▶ _WHAT YOU NEED TO DO_: All lines in the records below from the line with "Directed by Robert" through the line with "W organizowanym wczoraj" are to be given again exactly, both ends included; the pictures are to be left out.

▶ _RECORDS SUPPLIED_:

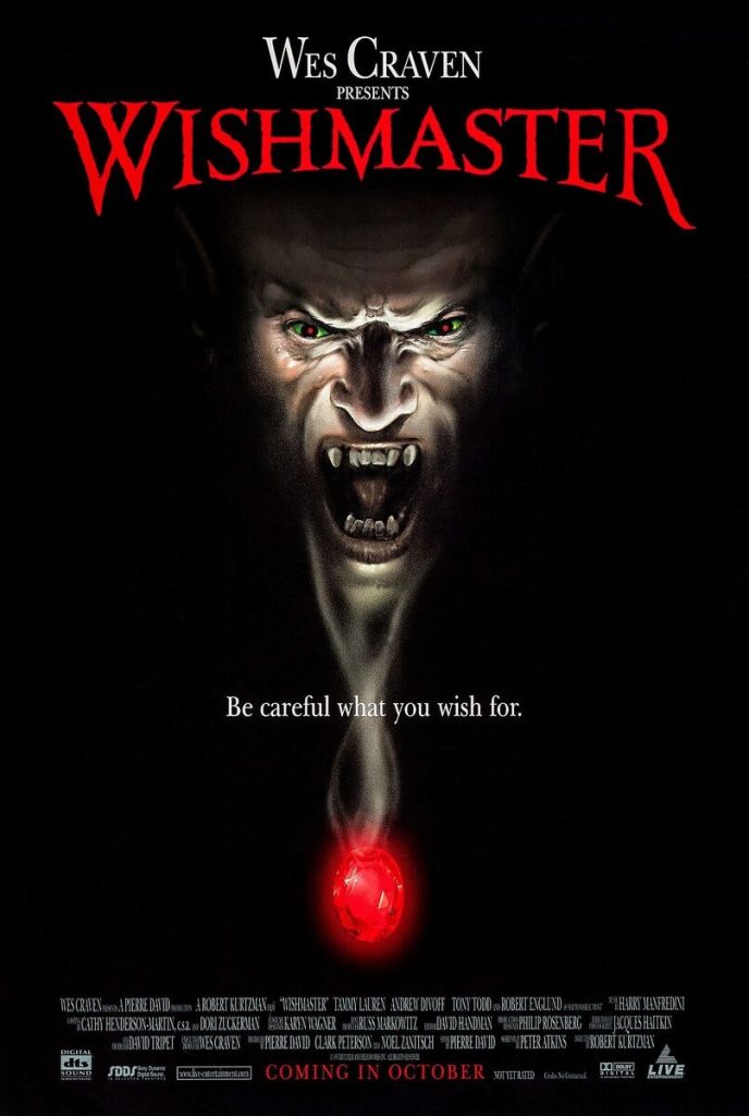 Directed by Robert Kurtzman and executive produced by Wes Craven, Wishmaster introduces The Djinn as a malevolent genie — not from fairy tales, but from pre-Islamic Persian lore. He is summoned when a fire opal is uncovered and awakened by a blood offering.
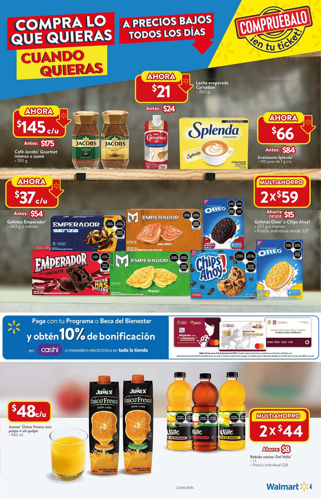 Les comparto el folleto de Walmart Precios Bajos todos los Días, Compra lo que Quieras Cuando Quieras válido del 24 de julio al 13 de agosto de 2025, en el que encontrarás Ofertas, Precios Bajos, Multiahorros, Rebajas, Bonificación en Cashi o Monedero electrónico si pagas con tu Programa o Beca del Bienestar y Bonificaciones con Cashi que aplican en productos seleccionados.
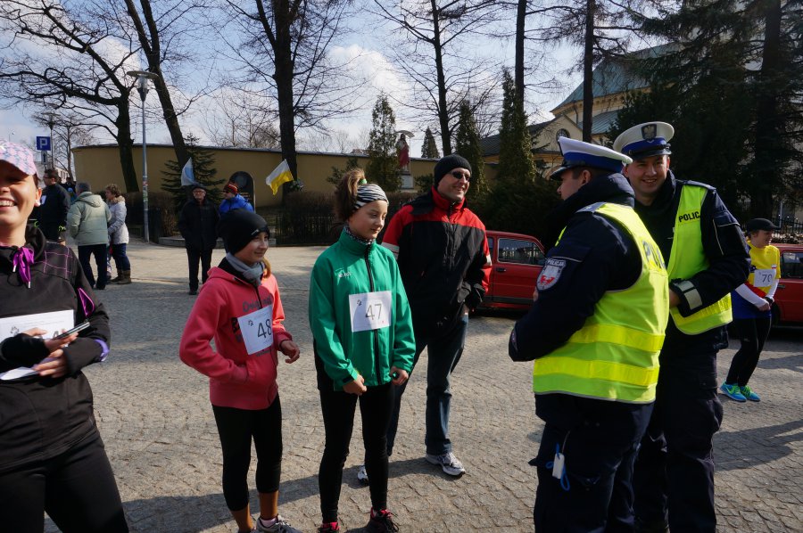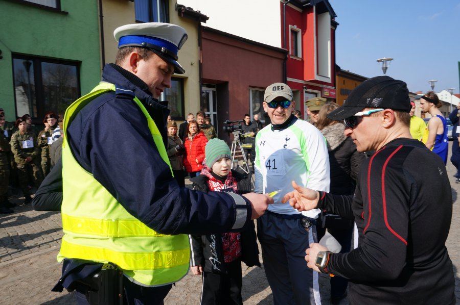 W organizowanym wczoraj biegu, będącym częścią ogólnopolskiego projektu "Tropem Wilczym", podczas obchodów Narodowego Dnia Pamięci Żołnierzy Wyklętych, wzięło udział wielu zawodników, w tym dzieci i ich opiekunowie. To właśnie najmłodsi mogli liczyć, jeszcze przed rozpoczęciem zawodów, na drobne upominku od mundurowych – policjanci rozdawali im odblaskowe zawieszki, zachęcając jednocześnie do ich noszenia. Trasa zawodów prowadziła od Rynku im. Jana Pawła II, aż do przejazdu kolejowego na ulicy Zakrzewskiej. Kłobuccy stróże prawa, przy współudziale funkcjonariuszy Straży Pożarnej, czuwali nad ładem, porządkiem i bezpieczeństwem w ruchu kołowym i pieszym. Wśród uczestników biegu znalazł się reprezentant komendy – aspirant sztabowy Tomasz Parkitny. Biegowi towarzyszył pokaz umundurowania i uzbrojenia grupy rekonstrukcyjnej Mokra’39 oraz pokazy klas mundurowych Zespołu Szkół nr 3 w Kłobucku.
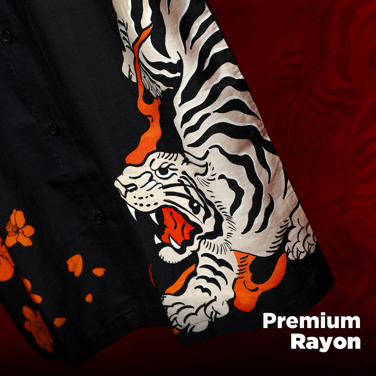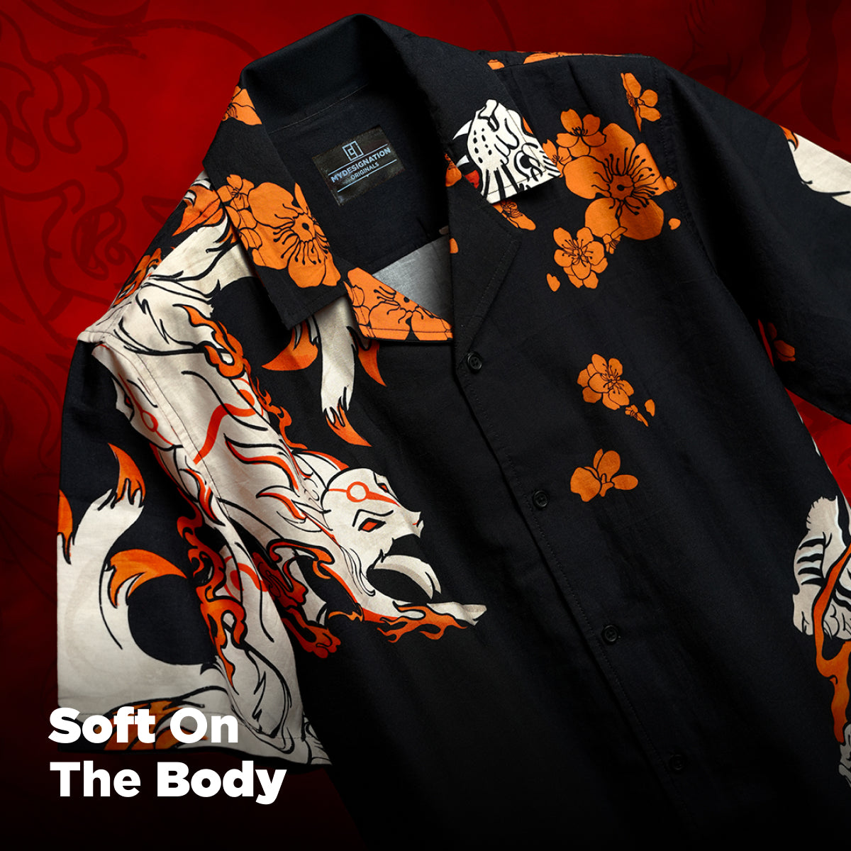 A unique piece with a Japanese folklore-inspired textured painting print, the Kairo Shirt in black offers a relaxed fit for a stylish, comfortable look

==

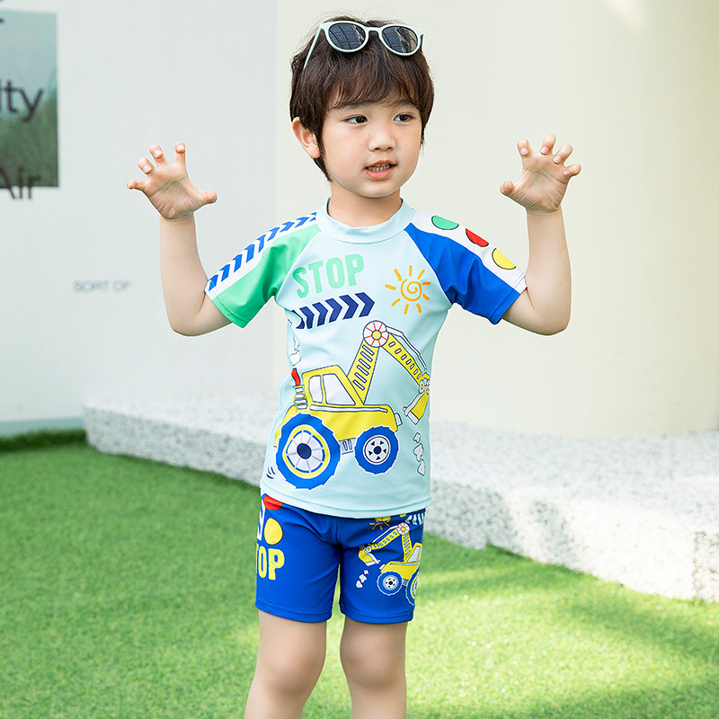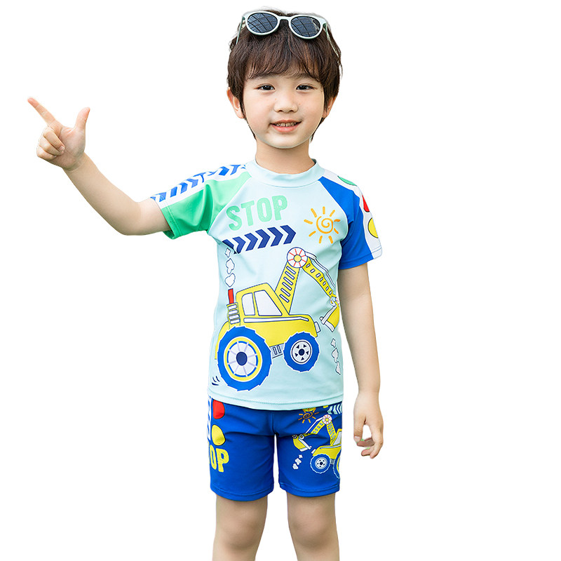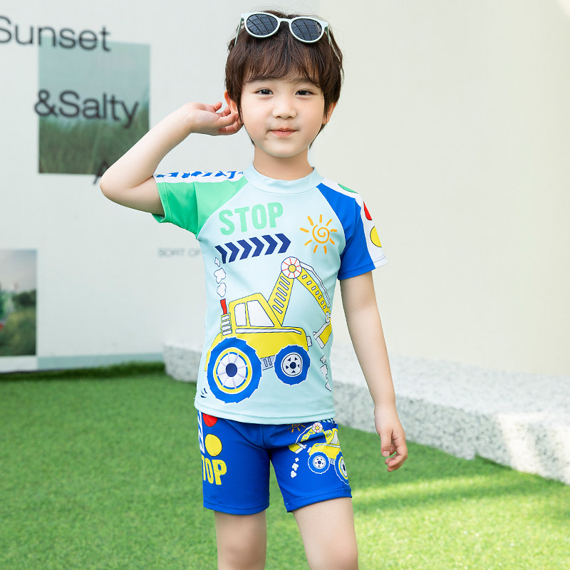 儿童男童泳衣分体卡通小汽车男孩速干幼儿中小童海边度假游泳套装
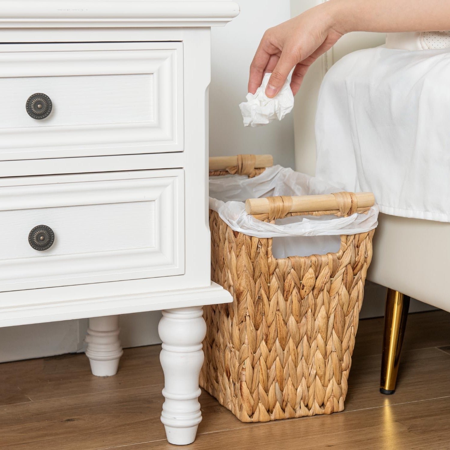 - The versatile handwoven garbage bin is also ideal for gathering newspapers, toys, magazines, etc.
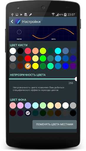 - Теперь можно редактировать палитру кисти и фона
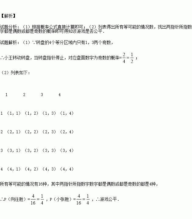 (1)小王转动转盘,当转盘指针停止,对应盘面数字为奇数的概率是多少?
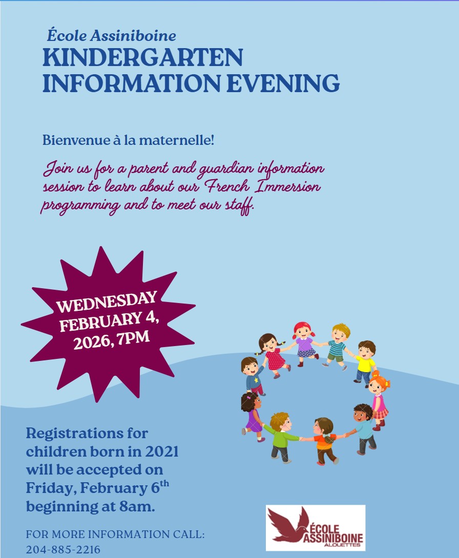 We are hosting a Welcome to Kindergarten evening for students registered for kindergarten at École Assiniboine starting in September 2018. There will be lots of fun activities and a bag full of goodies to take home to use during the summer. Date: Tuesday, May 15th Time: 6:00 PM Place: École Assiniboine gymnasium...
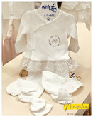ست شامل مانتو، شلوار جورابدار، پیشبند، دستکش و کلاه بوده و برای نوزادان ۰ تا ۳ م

▶ _EXERCISE RESULT_:
 Directed by Robert Kurtzman and executive produced by Wes Craven, Wishmaster introduces The Djinn as a malevolent genie — not from fairy tales, but from pre-Islamic Persian lore. He is summoned when a fire opal is uncovered and awakened by a blood offering.
 Les comparto el folleto de Walmart Precios Bajos todos los Días, Compra lo que Quieras Cuando Quieras válido del 24 de julio al 13 de agosto de 2025, en el que encontrarás Ofertas, Precios Bajos, Multiahorros, Rebajas, Bonificación en Cashi o Monedero electrónico si pagas con tu Programa o Beca del Bienestar y Bonificaciones con Cashi que aplican en productos seleccionados.
 W organizowanym wczoraj biegu, będącym częścią ogólnopolskiego projektu "Tropem Wilczym", podczas obchodów Narodowego Dnia Pamięci Żołnierzy Wyklętych, wzięło udział wielu zawodników, w tym dzieci i ich opiekunowie. To właśnie najmłodsi mogli liczyć, jeszcze przed rozpoczęciem zawodów, na drobne upominku od mundurowych – policjanci rozdawali im odblaskowe zawieszki, zachęcając jednocześnie do ich noszenia. Trasa zawodów prowadziła od Rynku im. Jana Pawła II, aż do przejazdu kolejowego na ulicy Zakrzewskiej. Kłobuccy stróże prawa, przy współudziale funkcjonariuszy Straży Pożarnej, czuwali nad ładem, porządkiem i bezpieczeństwem w ruchu kołowym i pieszym. Wśród uczestników biegu znalazł się reprezentant komendy – aspirant sztabowy Tomasz Parkitny. Biegowi towarzyszył pokaz umundurowania i uzbrojenia grupy rekonstrukcyjnej Mokra’39 oraz pokazy klas mundurowych Zespołu Szkół nr 3 w Kłobucku.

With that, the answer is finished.